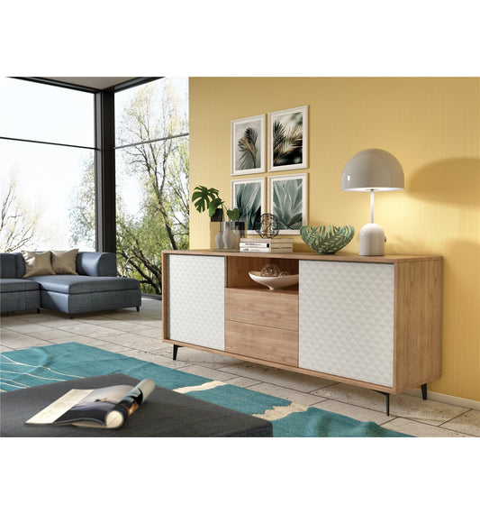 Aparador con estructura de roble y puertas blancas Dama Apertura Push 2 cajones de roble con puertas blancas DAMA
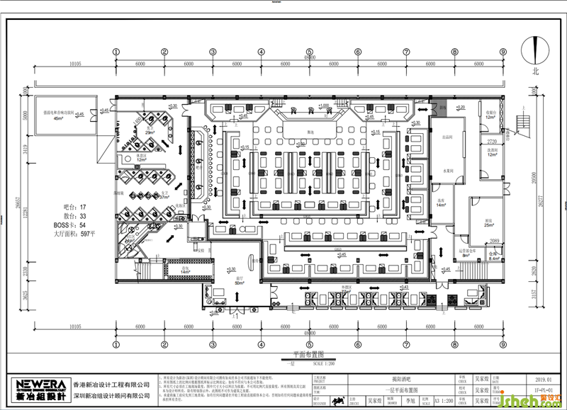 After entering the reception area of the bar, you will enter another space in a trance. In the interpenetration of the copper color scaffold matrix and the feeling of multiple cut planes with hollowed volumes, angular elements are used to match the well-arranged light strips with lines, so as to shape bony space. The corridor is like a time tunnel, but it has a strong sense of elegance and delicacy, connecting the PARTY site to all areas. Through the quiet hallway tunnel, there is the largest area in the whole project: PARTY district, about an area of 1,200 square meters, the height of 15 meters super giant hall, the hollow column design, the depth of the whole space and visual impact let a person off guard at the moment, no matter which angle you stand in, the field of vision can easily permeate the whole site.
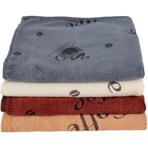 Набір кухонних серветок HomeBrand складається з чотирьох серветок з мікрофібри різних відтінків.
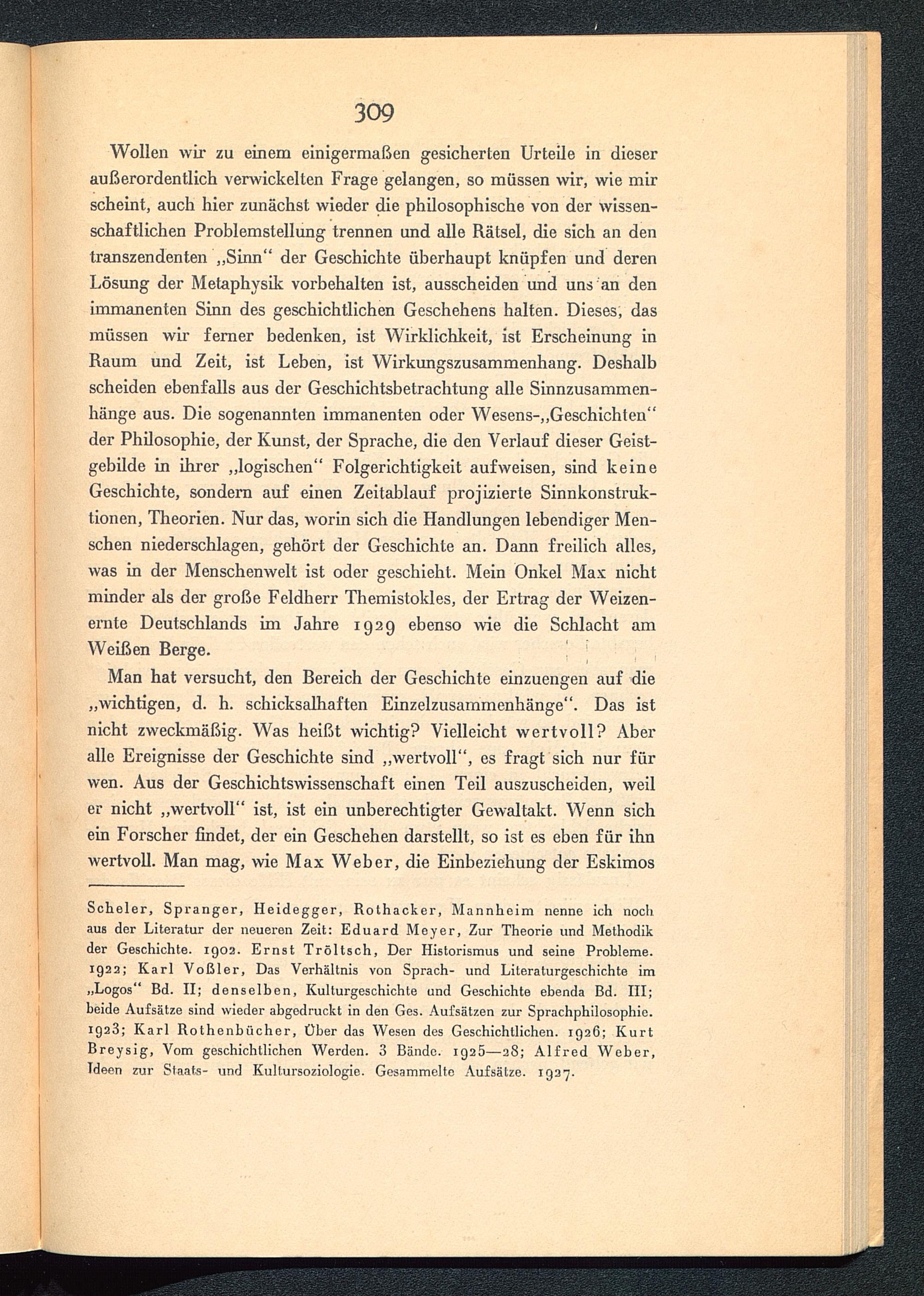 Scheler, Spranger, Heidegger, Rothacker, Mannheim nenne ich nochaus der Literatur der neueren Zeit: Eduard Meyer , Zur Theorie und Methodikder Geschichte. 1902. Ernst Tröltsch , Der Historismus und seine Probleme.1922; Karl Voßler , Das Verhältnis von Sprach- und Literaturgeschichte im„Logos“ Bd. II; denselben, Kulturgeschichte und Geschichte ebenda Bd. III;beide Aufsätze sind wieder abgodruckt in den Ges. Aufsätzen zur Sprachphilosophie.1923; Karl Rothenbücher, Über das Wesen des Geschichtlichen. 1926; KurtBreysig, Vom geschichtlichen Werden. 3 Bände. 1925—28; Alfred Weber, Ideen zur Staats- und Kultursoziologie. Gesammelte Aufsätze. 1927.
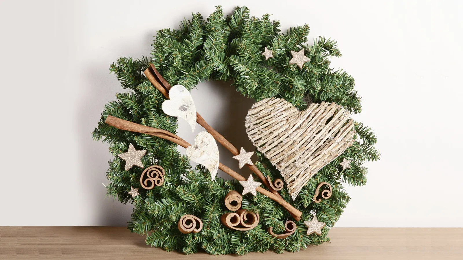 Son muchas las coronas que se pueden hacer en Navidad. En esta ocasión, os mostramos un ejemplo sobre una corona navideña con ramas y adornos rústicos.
===============
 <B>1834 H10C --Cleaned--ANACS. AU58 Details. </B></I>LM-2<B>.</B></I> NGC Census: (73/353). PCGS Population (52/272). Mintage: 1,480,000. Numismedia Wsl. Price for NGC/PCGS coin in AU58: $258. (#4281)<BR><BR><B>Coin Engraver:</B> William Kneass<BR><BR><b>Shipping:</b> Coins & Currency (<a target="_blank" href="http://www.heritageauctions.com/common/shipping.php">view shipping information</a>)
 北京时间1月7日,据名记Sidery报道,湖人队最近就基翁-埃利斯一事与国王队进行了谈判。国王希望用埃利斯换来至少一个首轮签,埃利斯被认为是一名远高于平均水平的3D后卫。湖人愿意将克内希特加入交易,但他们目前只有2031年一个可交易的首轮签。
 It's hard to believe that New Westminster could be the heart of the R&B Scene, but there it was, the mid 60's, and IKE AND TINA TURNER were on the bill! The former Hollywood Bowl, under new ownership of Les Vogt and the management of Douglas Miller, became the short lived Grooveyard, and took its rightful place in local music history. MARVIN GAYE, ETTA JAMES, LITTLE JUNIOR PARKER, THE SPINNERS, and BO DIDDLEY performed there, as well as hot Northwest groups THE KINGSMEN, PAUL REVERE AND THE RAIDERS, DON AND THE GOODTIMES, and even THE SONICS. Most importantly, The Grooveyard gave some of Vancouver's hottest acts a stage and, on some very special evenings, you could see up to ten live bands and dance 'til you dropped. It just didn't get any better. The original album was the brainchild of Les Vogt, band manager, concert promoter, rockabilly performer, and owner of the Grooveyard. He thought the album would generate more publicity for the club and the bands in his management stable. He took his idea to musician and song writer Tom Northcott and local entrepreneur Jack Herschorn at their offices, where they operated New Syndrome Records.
===============
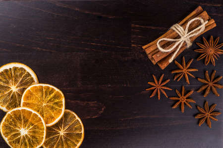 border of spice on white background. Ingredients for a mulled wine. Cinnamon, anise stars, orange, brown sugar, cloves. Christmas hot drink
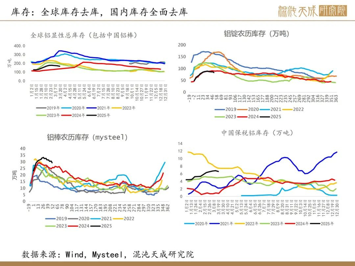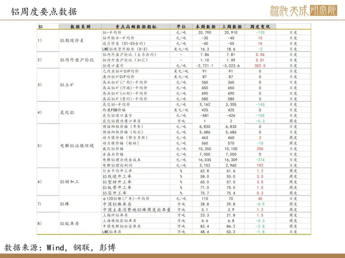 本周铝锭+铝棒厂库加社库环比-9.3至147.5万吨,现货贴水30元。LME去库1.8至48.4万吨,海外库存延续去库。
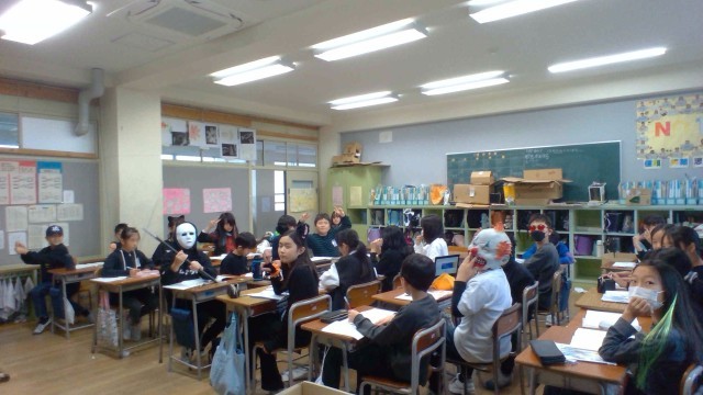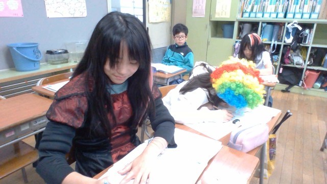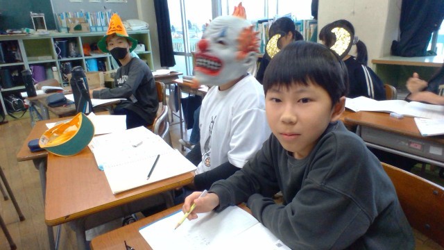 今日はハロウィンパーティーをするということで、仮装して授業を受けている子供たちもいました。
===============
• **ACTIVITY**: Using the listing above, restate exactly the range between the lines holding "Aparador con estructura" and "Son muchas las", inclusive, with pictures left out.

• **EXERCISE RESULT**:
 Aparador con estructura de roble y puertas blancas Dama Apertura Push 2 cajones de roble con puertas blancas DAMA
 After entering the reception area of the bar, you will enter another space in a trance. In the interpenetration of the copper color scaffold matrix and the feeling of multiple cut planes with hollowed volumes, angular elements are used to match the well-arranged light strips with lines, so as to shape bony space. The corridor is like a time tunnel, but it has a strong sense of elegance and delicacy, connecting the PARTY site to all areas. Through the quiet hallway tunnel, there is the largest area in the whole project: PARTY district, about an area of 1,200 square meters, the height of 15 meters super giant hall, the hollow column design, the depth of the whole space and visual impact let a person off guard at the moment, no matter which angle you stand in, the field of vision can easily permeate the whole site.
 Набір кухонних серветок HomeBrand складається з чотирьох серветок з мікрофібри різних відтінків.
 Scheler, Spranger, Heidegger, Rothacker, Mannheim nenne ich nochaus der Literatur der neueren Zeit: Eduard Meyer , Zur Theorie und Methodikder Geschichte. 1902. Ernst Tröltsch , Der Historismus und seine Probleme.1922; Karl Voßler , Das Verhältnis von Sprach- und Literaturgeschichte im„Logos“ Bd. II; denselben, Kulturgeschichte und Geschichte ebenda Bd. III;beide Aufsätze sind wieder abgodruckt in den Ges. Aufsätzen zur Sprachphilosophie.1923; Karl Rothenbücher, Über das Wesen des Geschichtlichen. 1926; KurtBreysig, Vom geschichtlichen Werden. 3 Bände. 1925—28; Alfred Weber, Ideen zur Staats- und Kultursoziologie. Gesammelte Aufsätze. 1927.
 Son muchas las coronas que se pueden hacer en Navidad. En esta ocasión, os mostramos un ejemplo sobre una corona navideña con ramas y adornos rústicos.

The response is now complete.